Comparison to previous Olympia results:
- Same – Iris Kyle
- Same – Dayana Cadeau
- +4 – Yaxeni Oriquen-Garcia
- +1 – Lisa Aukland
- Same – Betty Pariso
- -3 – Bonnie Priest
- -7 – Annie Rivieccio
- -3 – Valentina Chepiga
- +1 – Tazzie Colomb
- -2 – Mah-Ann Mendoza
- -5 – Antoinette Norman

===Scorecard===

| No | NAME | COUNTRY | RD1 + RD2 | RD3 | RD4 | TOTAL | PLACE |
| 1 | Heather ARMBRUST [Policky] * | USA | 54 | 28 | 24 | 106 | 5 |
| 2 | Lisa AUKLAND * | USA | 30 | 20 | 20 | 70 | 4 |
| 3 | Nicole BALL | Canada | 86 | 44 |  | 130 | 8 |
| 4 | Dayana CADEAU * | Canada | 20 | 12 | 10 | 42 | 2 |
| 5 | Valentina CHEPIGA | Ukraine | 110 | 52 |  | 162 | 11 |
| 6 | Tazzie COLOMB | USA | 128 | 66 |  | 194 | 12 |
| 7 | Sarah DUNLAP | USA | 88 | 46 |  | 134 | 9 |
| 8 | Stephanie KESSLER | USA | 136 | 65 |  | 201 | 14 |
| 9 | Iris KYLE * | USA | 10 | 5 | 5 | 20 | 1 |
| 10 | Mah-Ann MENDOZA | USA | 132 | 63 |  | 195 | 13 |
| 11 | Yaxeni ORIQUEN-GARCIA * | Venezuela | 40 | 12 | 16 | 68 | 3 |
| 12 | Betty PARISO * | USA | 62 | 31 | 30 | 123 | 6 |
| 13 | Bonny PRIEST | USA | 70 | 32 |  | 102 | 7 |
| 14 | Annie RIVIECCIO | USA | 98 | 48 |  | 146 | 10 |
| 15 | Antoinette THOMPSON [Norman] | USA | 144 | 73 |  | 217 | 15 |
*Qualifies for the 2008 Ms.
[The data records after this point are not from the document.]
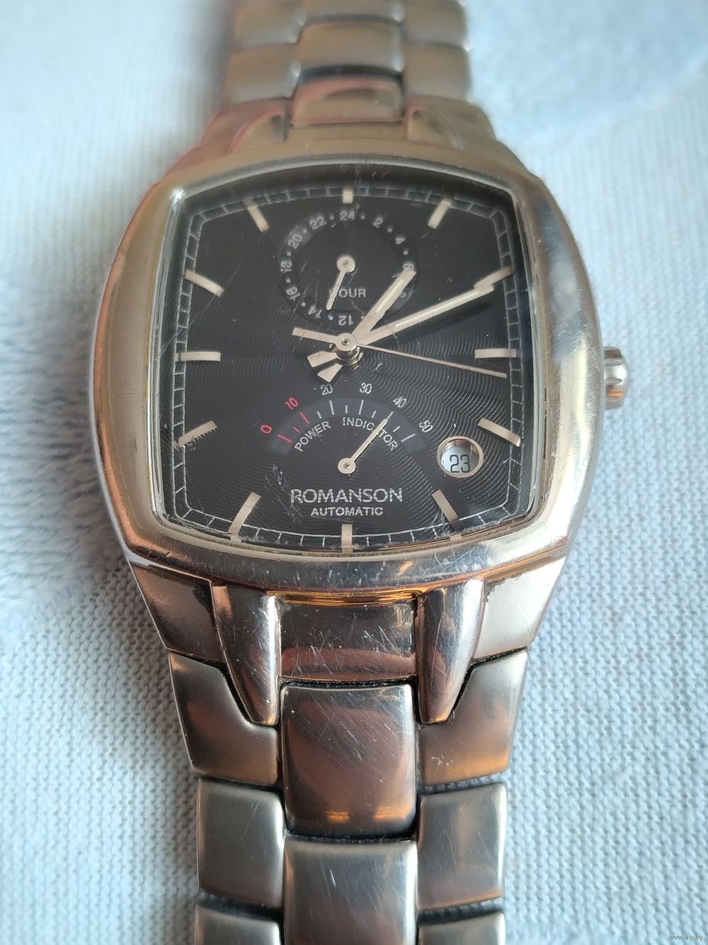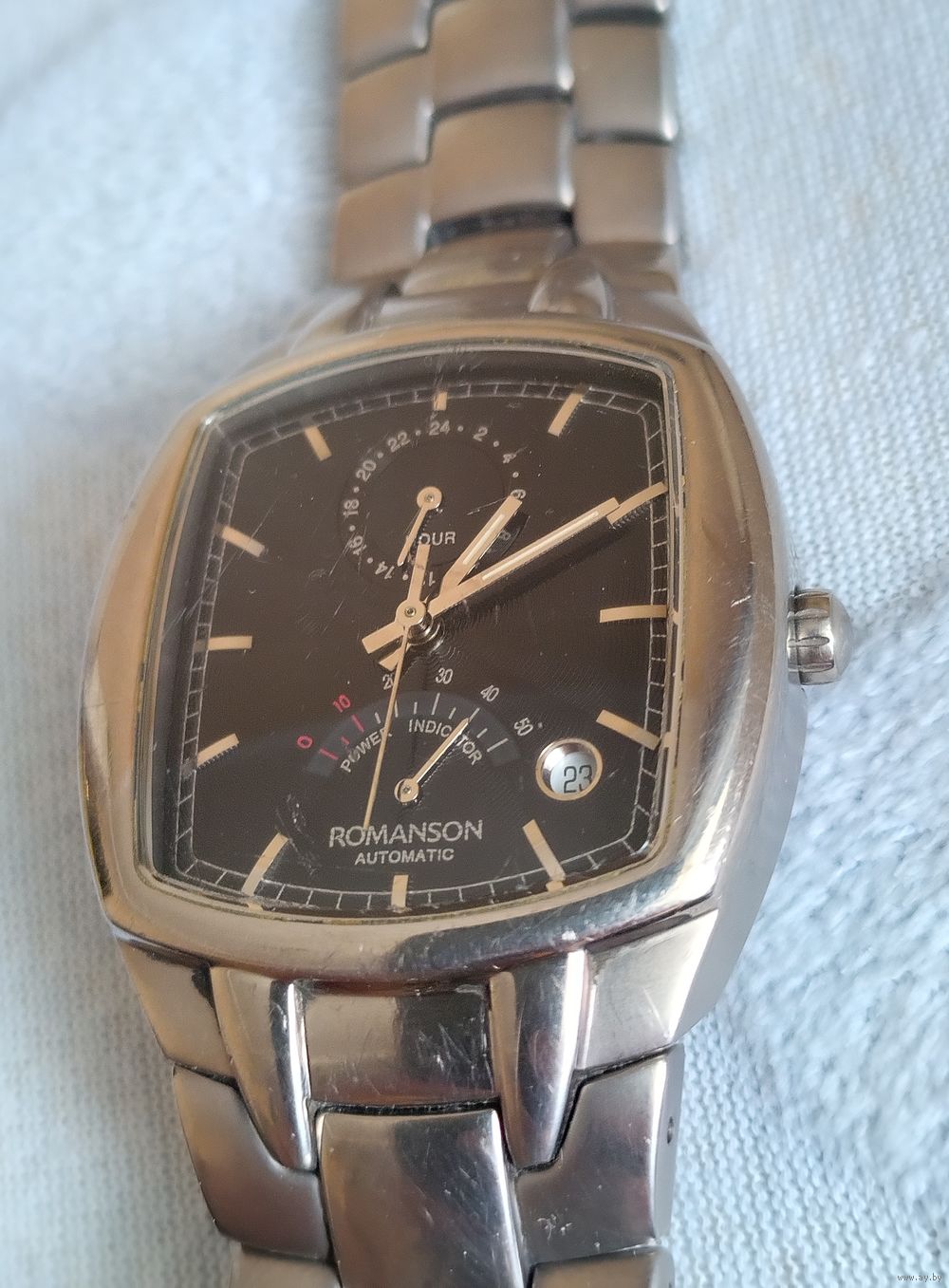 Редкая механика южнокорейского бренда Romanson Automatic (модель UM1565HM) с сапфировым стеклом и индикатором запаса хода (крайне удобная функция).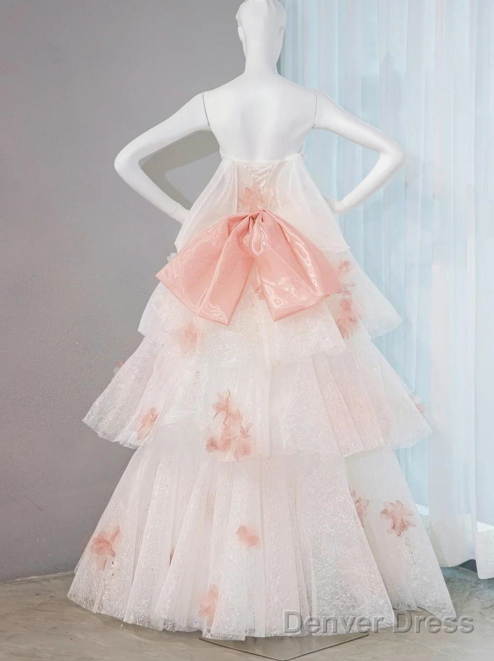 Gentle Pastel Layered A-Line Strapless Tulle Long Prom Dress Cute Applique Birthday Evening Dress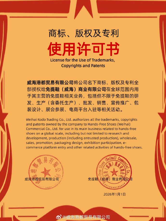 商标、版权及专利授权通报
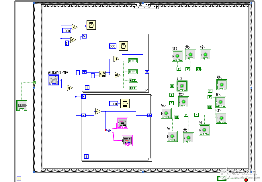 用labview设计交通灯,在仿真完后怎样把程序和NI ELVIS那个面包板连接。怎样在程序中加DAQ。使交通灯程序运行时,那面包板上的红绿灯也跟着亮。求高手指点。谢谢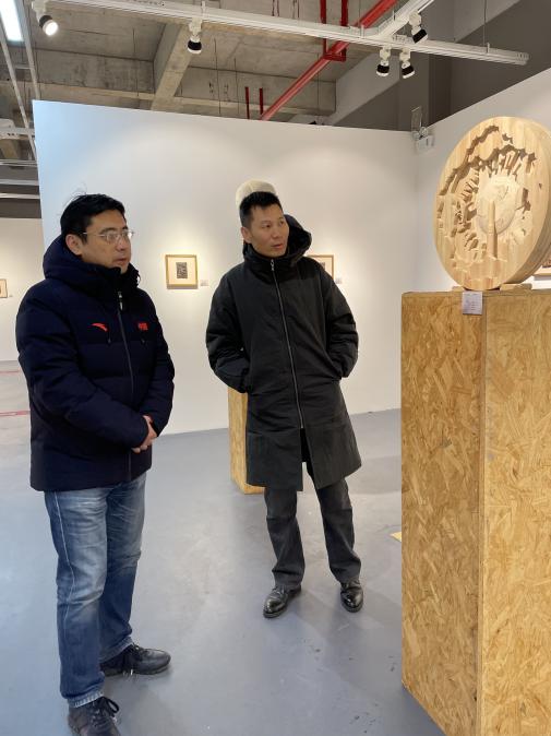 在设计艺术馆,副院长庄德红介绍了学院教学工作的改革和规范化建设情况,汇报了课程思政建设的特色做法和初步创建成果,以及教学成果展主题导入和和作品创作思路。郑啸处长肯定了学院在课程思政建设中结合艺术形式和手段,把偏重理论的思想政治教育融入到形象生动、富于美感的作品中,激发学生对美的事物爱好和追求,有利于良好道德意识、品德的培养,赞赏了学院美育教育与思想政治教育的融合,在专业教育中美育教育与思想政治教育同向同行。并对学院省级课程思政建设示范中心获批立项给予了充分的肯定,希望通过中心体制机制创新推动课程思政理论研究和实践探索,力争建成在省内外高校有较强影响力和示范引领作用的课程思政研究与实践中心。
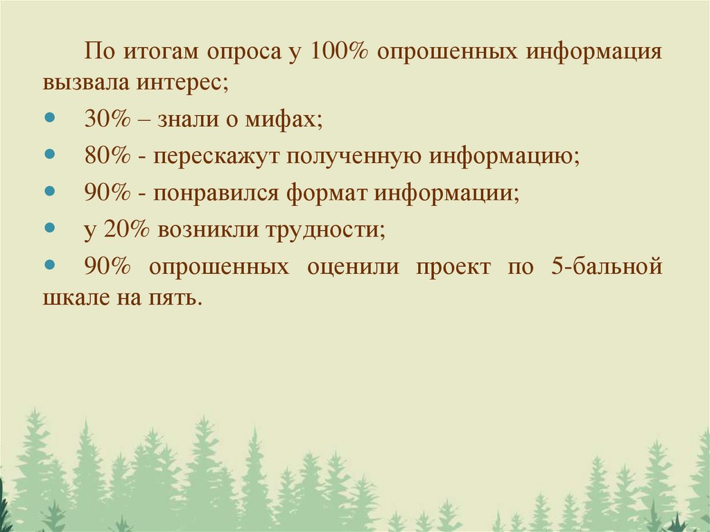 По итогам опроса у 100% опрошенных информациявызвала интерес;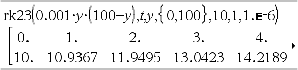 Equação diferencial: y'=0.001*y*(100-y) e y(0)=10 Para ver o resultado completo, prima 5 e, de seguida, utilize 7 e 8 para mover o cursor. Mesma equação com diftol definido para 1.E-6 Sistema de equações:
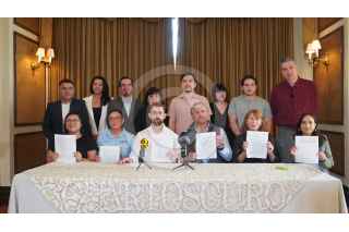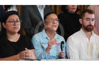MONTERREY, NUEVO LEÓN, 20NOVIEMBRE2023.- Tatiana Clohutier y miembros de MORENA en Nuevo León, ofrecieron una rueda de prensa donde exigen que se respete lo establecido en el Artículo 122 constitucional, el cual garantiza la facultad al Congreso de Nuevo León designar a un gobernador interino por seis meses. FOTO: CUARTOSCURO.COM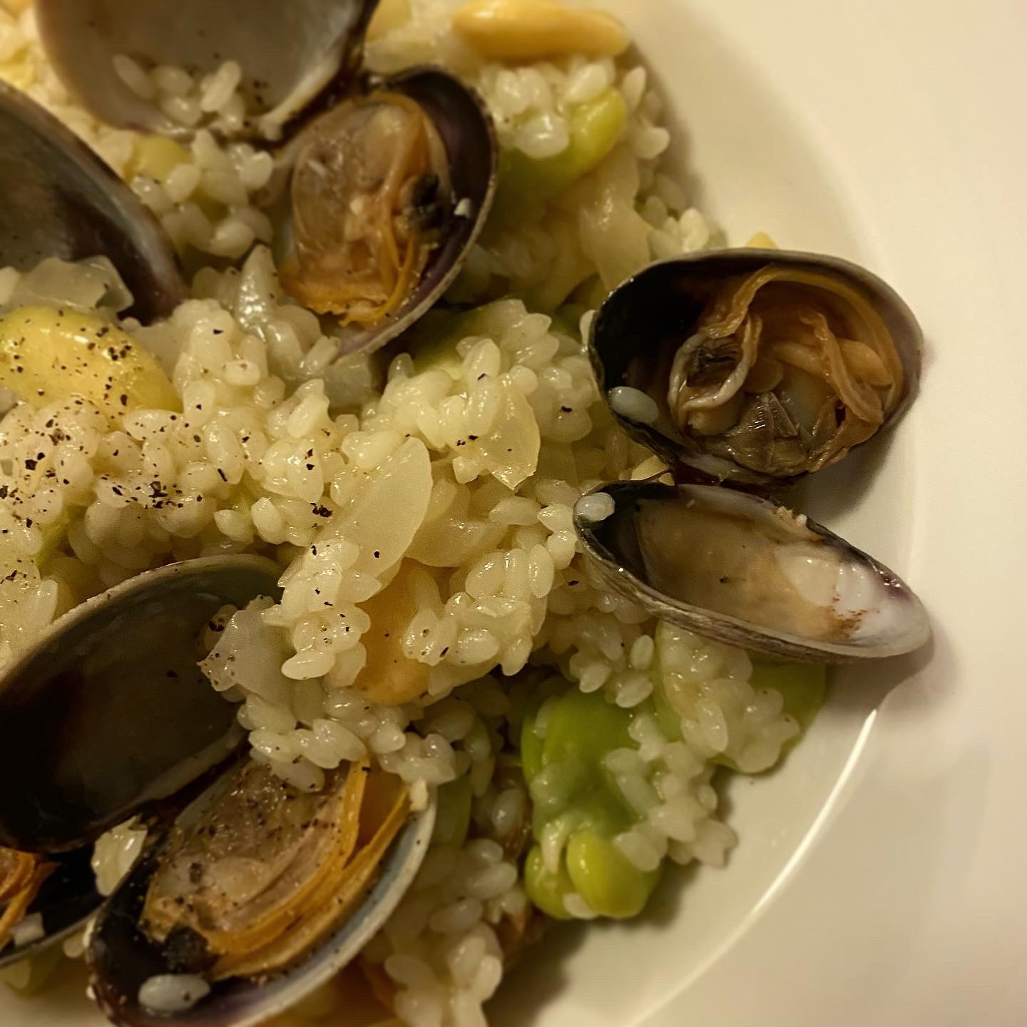 今夜のリゾットは、そんな息子が大量の空豆を剥き、元祖メガネの夫が調理してくれました。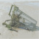 Fotografia digitalmente melhorada de um carrinho de comprar descartado na lama impressa em um adesivo.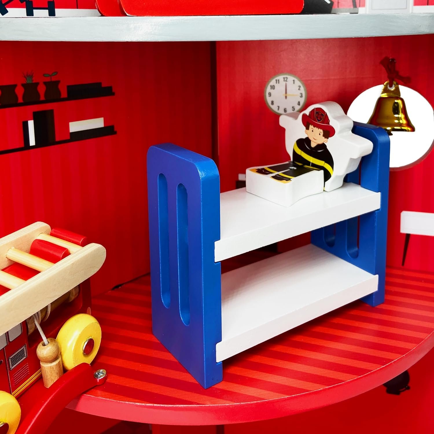 Hydrant-shaped firehouse on a rotating base with a sliding pole, winding slide, a ladder, helicopter, fire truck and a command vehicle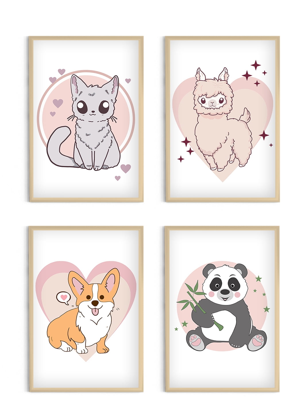 Awkward Styles Kawaii Wall Decor Pretty Kawaii Animals Kids Wall Art Kids Room Decor Boys Girls Room Wall Art Kitty Llama Dog Panda Set Of 4 Poster Walmart Com Walmart Com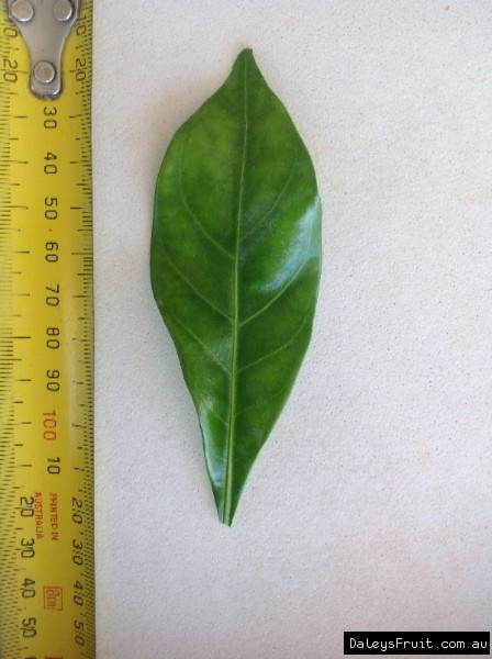 برگ ها به رنگ سبز براق، واژتخم مرغی تا بیضوی شکل، به طول 10 تا 18 سانتیمتر و پهنای 3 تا 5 سانتیمتر وجود دارند. رگبرگ ها به رنگ مایل به زرد و رگبرگ میانی برجسته می باشد. برگ های تازه تشکیل شده به رنگ سبز بسیار روشن دیده می شوند.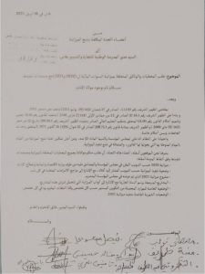 انعدام الوثائق على الميزانية وكيفية تصريفها رغم مراسلات النقابة وأعضاء المجلس (المرفق).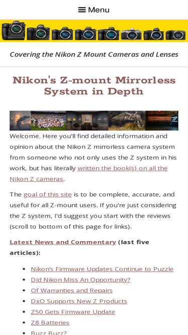 80%web site covers the nikon z mirrorless camera and lens system

Olympia

==Attended==
- 10th Ms. Olympia attended – Yaxeni Oriquen-Garcia
- 9th Ms. Olympia attended – Iris Kyle
- 8th Ms. Olympia attended – Dayana Cadeau, and Valentina Chepiga
- 7th Ms. Olympia attended – Betty Pariso
- 4th Ms. Olympia attended – Tazzie Colomb and Bonnie Priest
- 3rd Ms. Olympia attended – Lisa Aukland, Mah-Ann Mendoza, and Annie Rivieccio
- 2nd Ms. Olympia attended – Antoinette Norman
- 1st Ms. Olympia attended – Heather Armbrust, Nicole Ball, Sarah Dunlap, Stephanie Kessler
- Previous year Olympia attendees who did not attend – Helen Bouchard, Heather Foster, Jitka Harazimova, Gayle Moher Colette Nelson, Brenda Raganot, Dena Westerfield

==Notable events==

- This was Iris Kyle's 3rd overall Olympia win.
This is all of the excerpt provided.